New York Times, same day: 
“5 Years Later, Grenada Is Tranquil and Thriving”
New York Times, March 24, 1989: 
“In Autos, U.S., Makes Strides”
Same paper, same day: 
“U.S. Vehicle Sales Are Sluggish”
Wall Street Journal, September 12, 1989: 
“Scores on College Entrance Tests Fall”
USA Today same day: 
“SAT Scores End ‘80s Up”
New York Times, same day: 
“Minority Students Gain on College Entrance Tests”
Westchester-Rockland Daily News, same day: 
“SAT Scores Take Dip for Women, Minorities”

Which of these papers got it right? If you’re relying only or primarily on these papers to keep you informed, then you’re obviously in trouble.

Too Fast

The emphasis on immediacy and up-to-the-minute reports guarantees that news will be over-hyped. Remember the “Three Mile Island Disaster” No one died; no real disaster occurred. A more appropriate headline, looking back, would have been “Three Mile Island Scare.” But that would have been too dull. Added hype is added sales.

The need for speed also leads to the use of shorter words in headlines. Sommerville uses the example of the word “cut” (as in “Budget Cut”) in his book. It’s a short word, and it gets the reader’s attention but it doesn’t always mean what the reader thinks. Some cuts are merely lower than average increases (and this is particularly true in any story you read about education budget "cuts"). These short words add to the ambiguity in newspapers and “cut” down on the actual information we receive.

Harm the News Does

All these problems undermine the informative nature of news, but can watching the news actually harm us?

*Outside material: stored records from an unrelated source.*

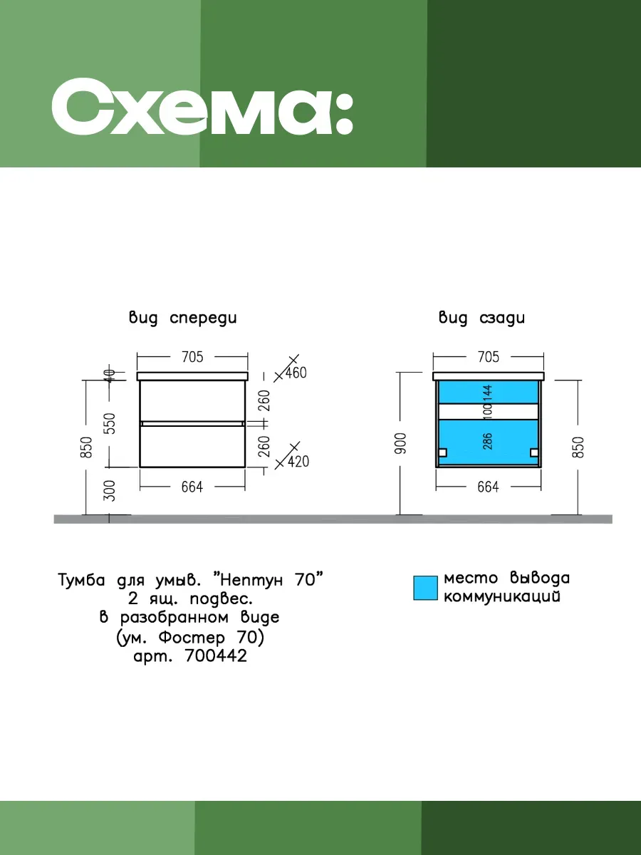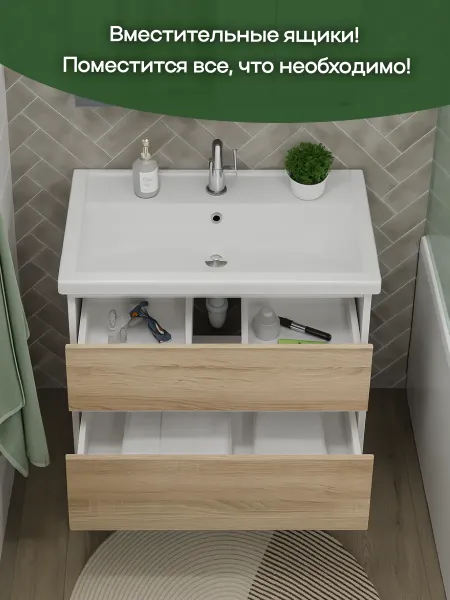 Современная и практичная подвесная тумба «Нептун 70» — идеальное решение для обустройства стильной и функциональной ванной комнаты. Выполненная в оттенке «янтарный дуб» с белыми боковыми панелями, тумба легко впишется в любой интерьер. Подходит для установки с умывальником «Фостер 70» Раковина идет в комплекте! Преимущества: Влагостойкий материал — сертифицированная мебель специально для ванных комнат. Поставляется в разобранном виде — удобна для транспортировки и самостоятельной сборки. Два вместительных выдвижных ящика — всё необходимое всегда под рукой. Продуманная конструкция — предусмотрено место для вывода коммуникаций. Габариты тумбы: Ширина: 664 мм Высота: 550 мм Глубина: 420 мм Материал корпуса: ЛДСП Материал фасада: МДФ с покрытием под натуральное дерево Крепление: Настенное (подвесное)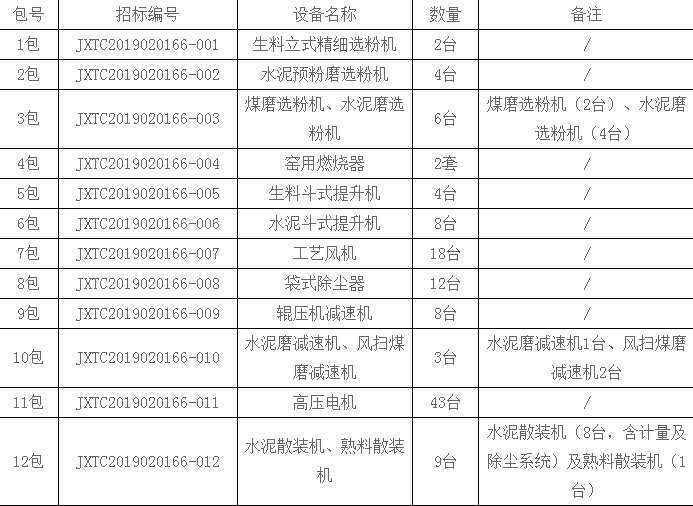 包12:近五年(2014年1月1日以來)內(nèi)投標(biāo)人在中國大陸至少有兩個生產(chǎn)能力4000噸/天及以上熟料水泥生產(chǎn)線或年產(chǎn)100萬噸及以上水泥粉磨站同類設(shè)備供貨業(yè)績(含改造項目)。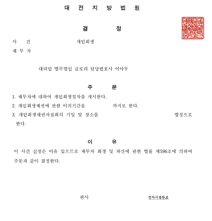 최근에는 건강 악화로 인해 병원비가 추가로 나가며 생활이 어려워지면서, 부득이하게 개인회생을 신청하시게 되었습니다.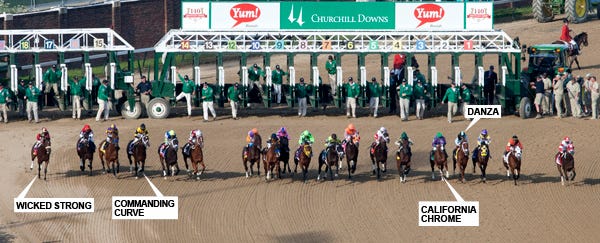 California Chrome breaks alertly alongside Danza, while both Wicked Strong and Commanding Curve are forced to take back from their outside posts. [Photo by John Bambury]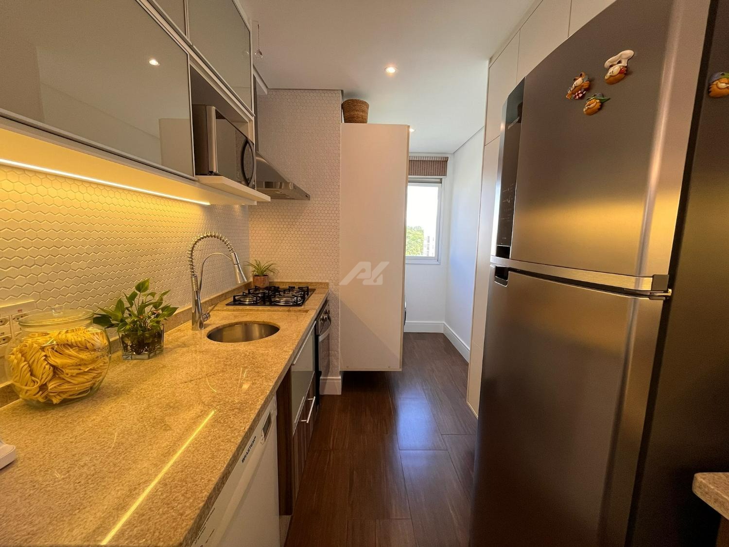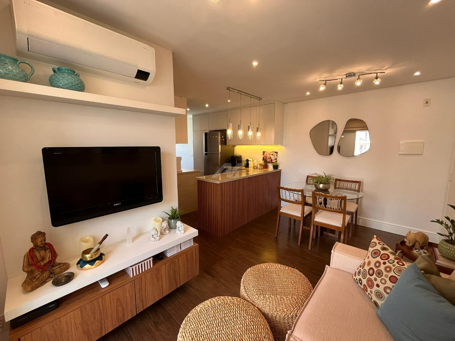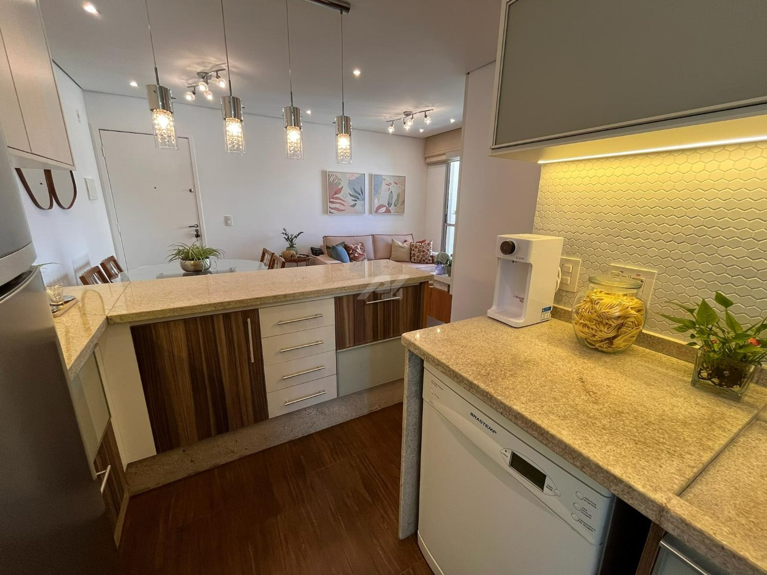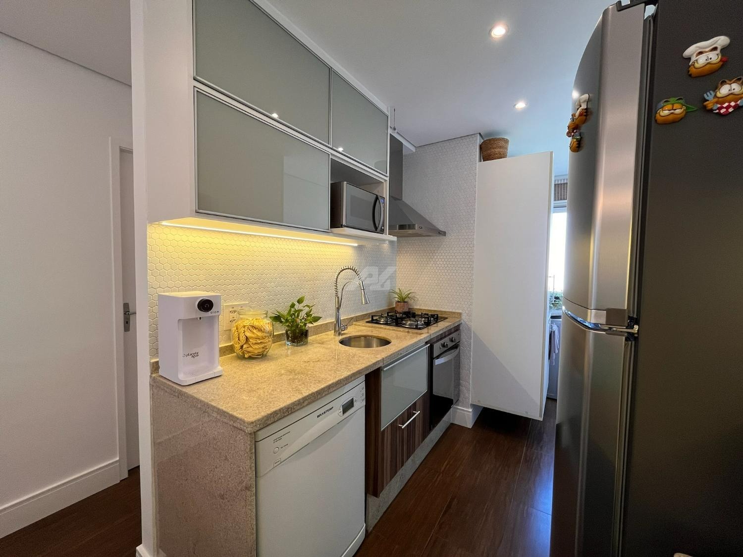 A cozinha foi cuidadosamente planejada, apresentando acabamento moderno e funcional, com armários novos em tom branco, iluminação em LED embutida, revestimento em pastilhas Atlas com efeito colmeia, coifa em aço inox, cooktop e forno a gás embutidos, além de infraestrutura completa para filtro de água e lava-louças. A integração com a sala valoriza o ambiente, que conta com móvel sob medida para TV, combinando elegância e praticidade em acabamento branco e madeira Cumaru.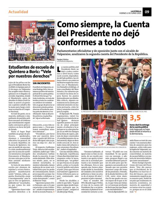 28Estudiantes de escuela de Quintero a Boric: "Vele por nuestros derechos" Pág. 9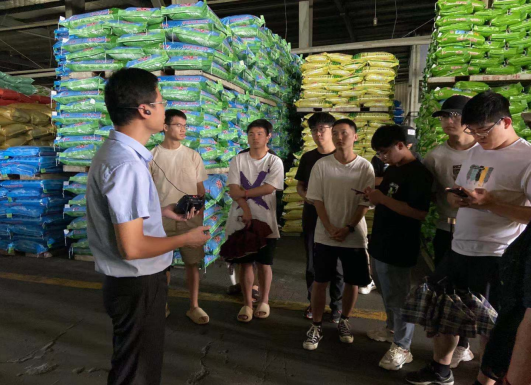 图5 浙江中大饲料集团程总为同学介绍饲料加工流程与产业发展现状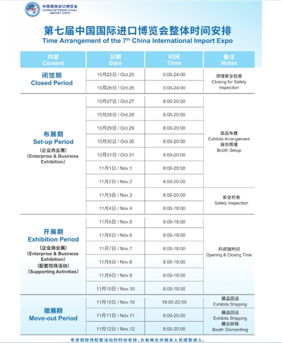 一、参加大会统一安排的第七届进博会的国家综合展、企业商业展、虹桥国际经济论坛、专业配套活动和人文交流活动等重大活动。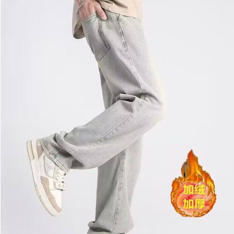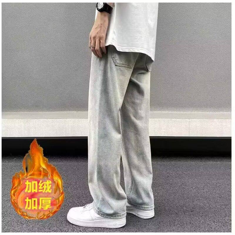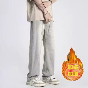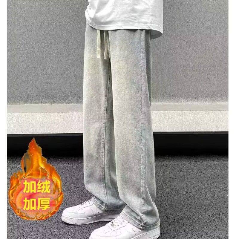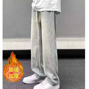 宽松直筒加绒休闲阔腿裤 NG真维斯复古牛仔裤 美式 秋冬2025新款 男士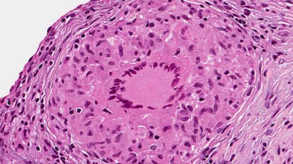 “GI tract involvement in sarcoidosis is exceedingly rare, with some studies showing an incidence of symptomatic GI sarcoidosis to be less than one percent,” says Dr. Yedimenko. “Any part of the GI tract can be affected, including the esophagus, stomach, small and large bowel. The diagnosis is difficult to make, as the presence of granulomatous inflammation does not necessarily mean sarcoidosis is responsible for the clinical manifestation, and common GI diseases must be excluded. Treatment is usually high-dose steroids and DMARDs [disease-modifying antirheumatic drugs] such as methotrexate, azathioprine and infliximab. In refractory cases, surgical intervention may be necessary with bowel obstruction, perforation or massive hemorrhage.”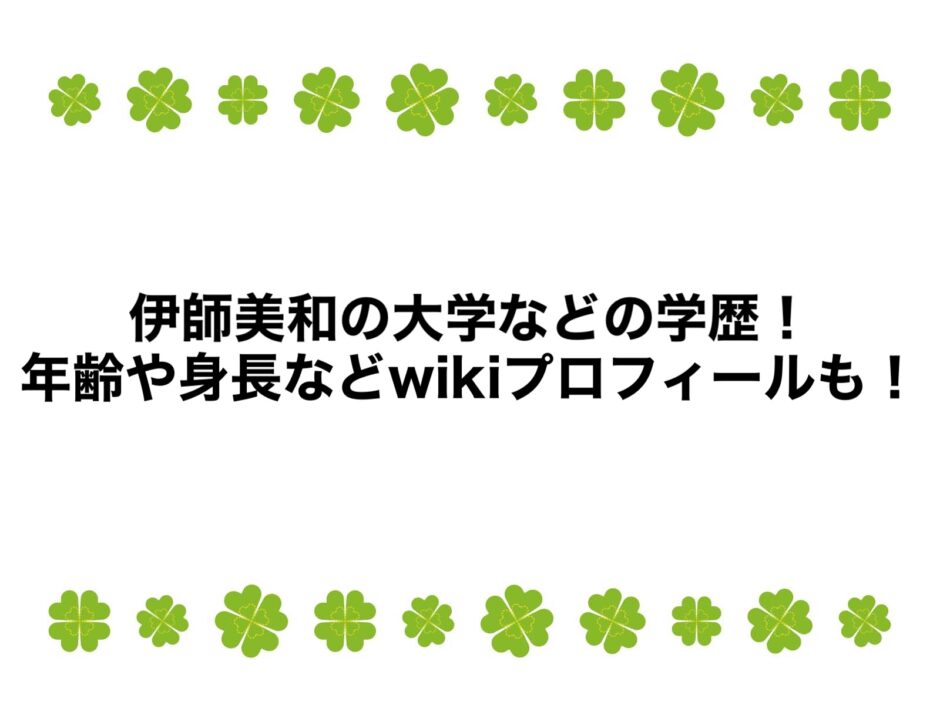 なんて疑問をお持ちのアナタのために、伊師美和さんの大学などの学歴、年齢や身長などwikiプロフィールも調査、まとめました!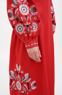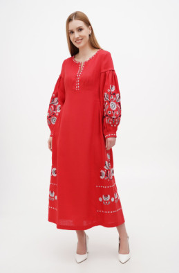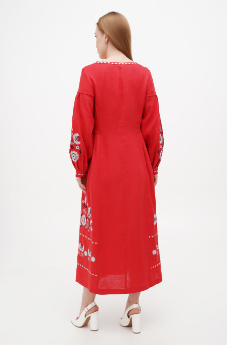 The linen dress with embroidery for your special events. It has a zip on the back and no pockets.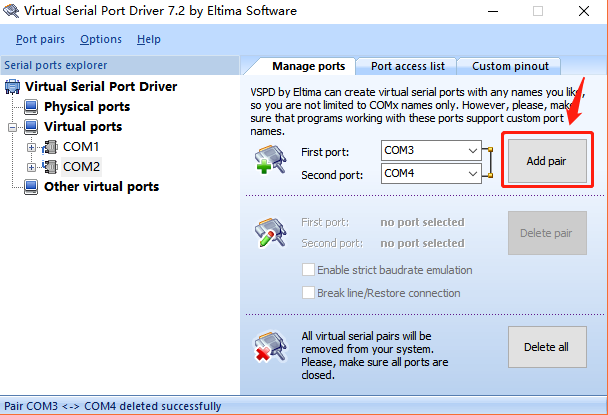 首先要安装虚拟串口工具,并生成一组虚拟端口,如下图所示;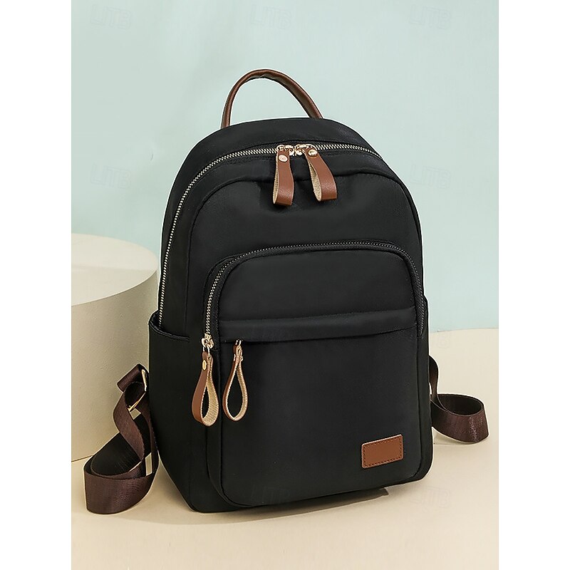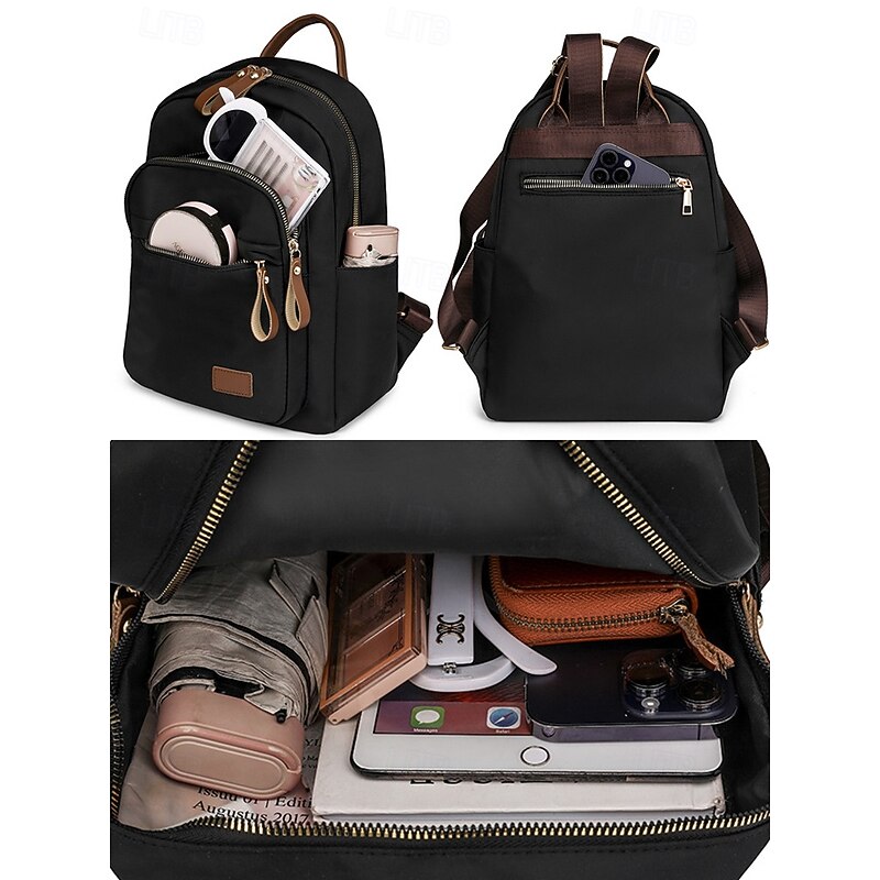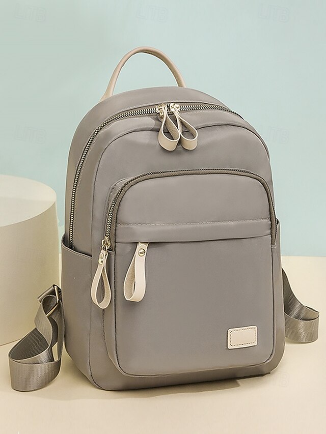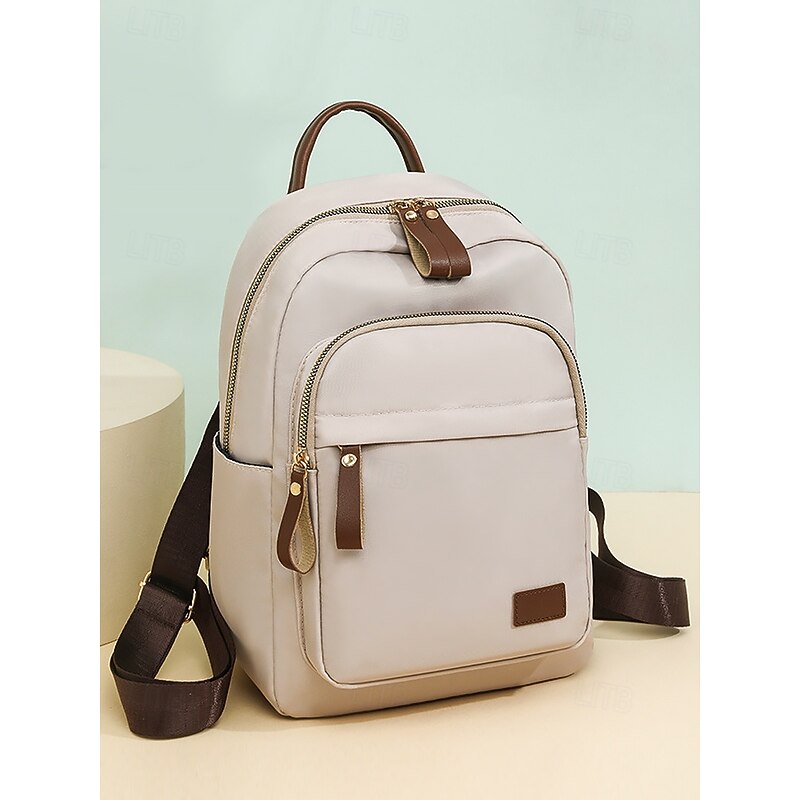 HOT ! Women's Khaki Waterproof Nylon Backpack with Multi Zipper Pockets – Lightweight Casual Daypack for School, Work, or Daily Use
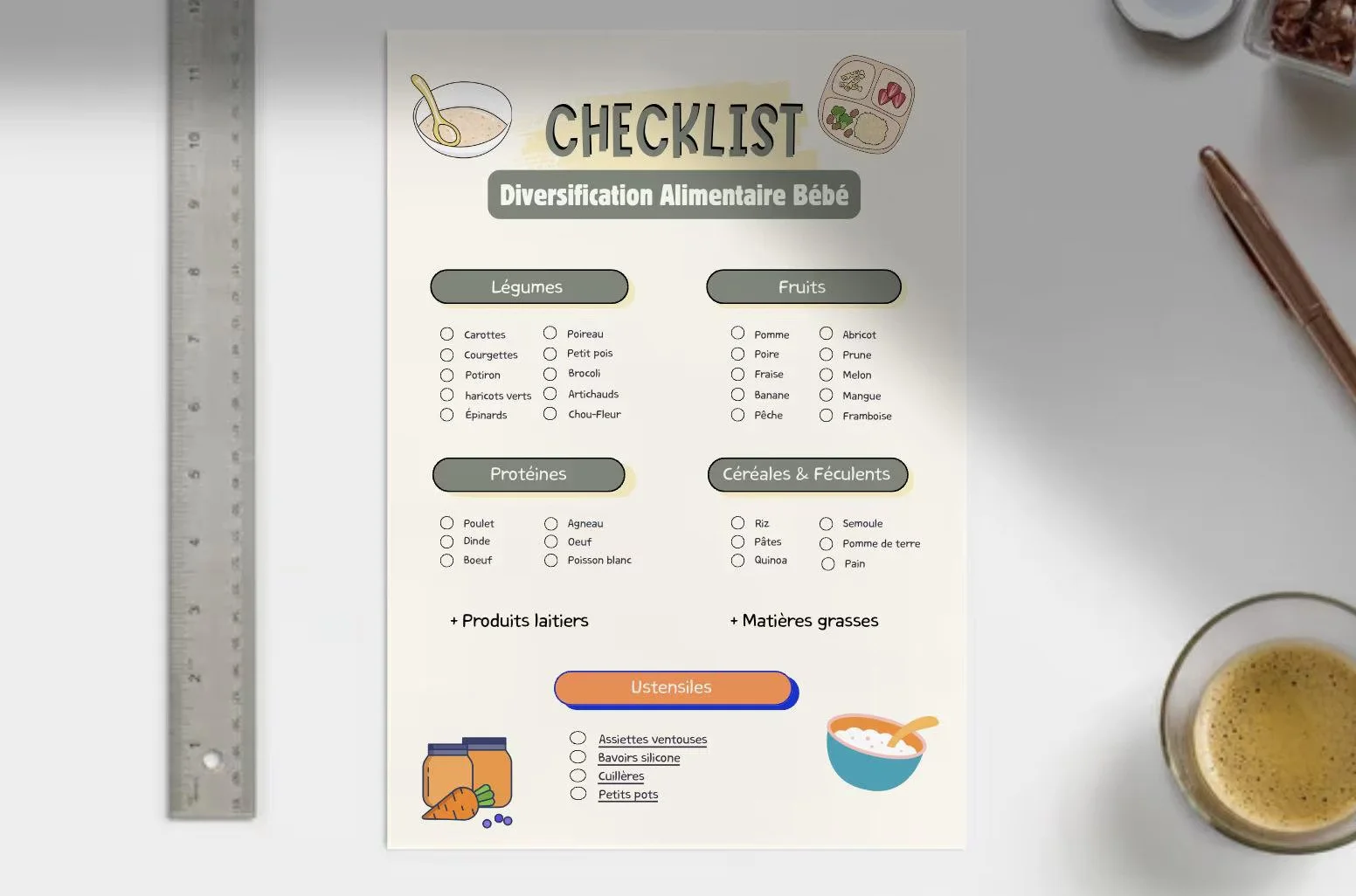 Découvre la checklist ultra pratique pour la diversification alimentaire, dispo dans le shop du blog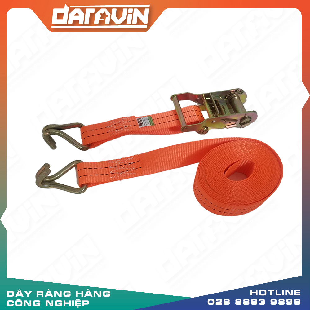 - Dây cảo chằng hàng bản 25mm –1500kg móc J rất linh hoạt cho nhiều hàng hóa nặng và lớn, có móc ở hai đầu.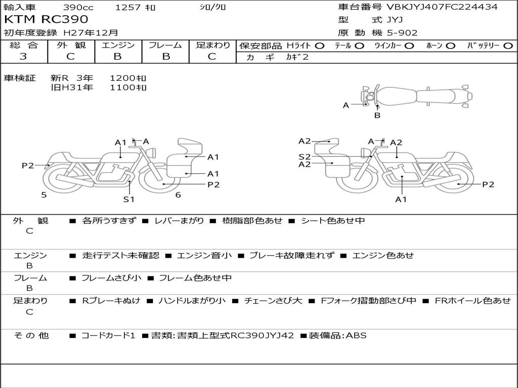 Номер рамы / VIN | VBKJYJ407FC224434 |
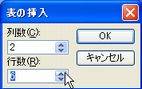 画面上部のメニューバーから、[挿入]-[表]を選択(左下図)。表の挿入画面が表示されたら、列数と行数を指定する(右下図)。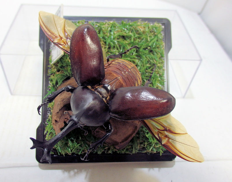 カブトムシ♂78mm (飛翔 標本) 学 名:Trypoxylus dichotomus〇飛翔標本のコンセプト・特徴ジオラマ標本は「生きているかのように今にも動き出すかのようなリアル感」をキャッチコピーに自然の中で生きていたときの昆虫達の一瞬を形にしています。

Well, we’ve already seen how the media’s focus on change promotes anti-Christian ideals. The same holds true when the media pretends to be unbiased. When one person emphatically states the economy is going up, you can be sure the media will find someone to state the opposite. Now if the media was truly unbiased it would seek the truth, but instead it merely seeks disagreement. Obviously only one of these two economic experts can be right, but by showing both sides the media makes it seem as if all viewpoints are equally valid, and that there is no absolute truth. This again is in direct opposition to our Christian worldview.
The news media also hurt our governments. While the media likes to promote itself as a watchdog carefully monitoring the government for us, the truth is quite different. An effective government that goes about its business and doesn’t change too much, and doesn’t hand out much money will never make the news…until they mess up something. Then they’ll make the news but for all the wrong reasons. Voters will hear about the scandal, but they won’t know anything about all the quiet good the government has done in the past.

To counter this negative publicity the government will become more inclined to change things and start handing out money. And if they hand out enough money, and pass enough laws, maybe the public will forget about the scandal.

And so the media, by their very nature, encourage big interfering governments.


When I started reading Sommerville’s book I was also reading four newspapers a day. The four newspapers didn’t leave me with much time to read anything else so it took me almost three weeks to read the first half of the book. At the halfway mark I cut down to only one paper a day and managed to finish the book in another couple of days.

I’m still a news addict, so each day I still hit more news websites than I probably need to, but because I have cut down my overall news intake I have found more time to read better material. Sommerville’s book also forced me to evaluate the news I do read in a much more critical light. I would recommend this book as a must read for anyone addicted to their daily dose of news.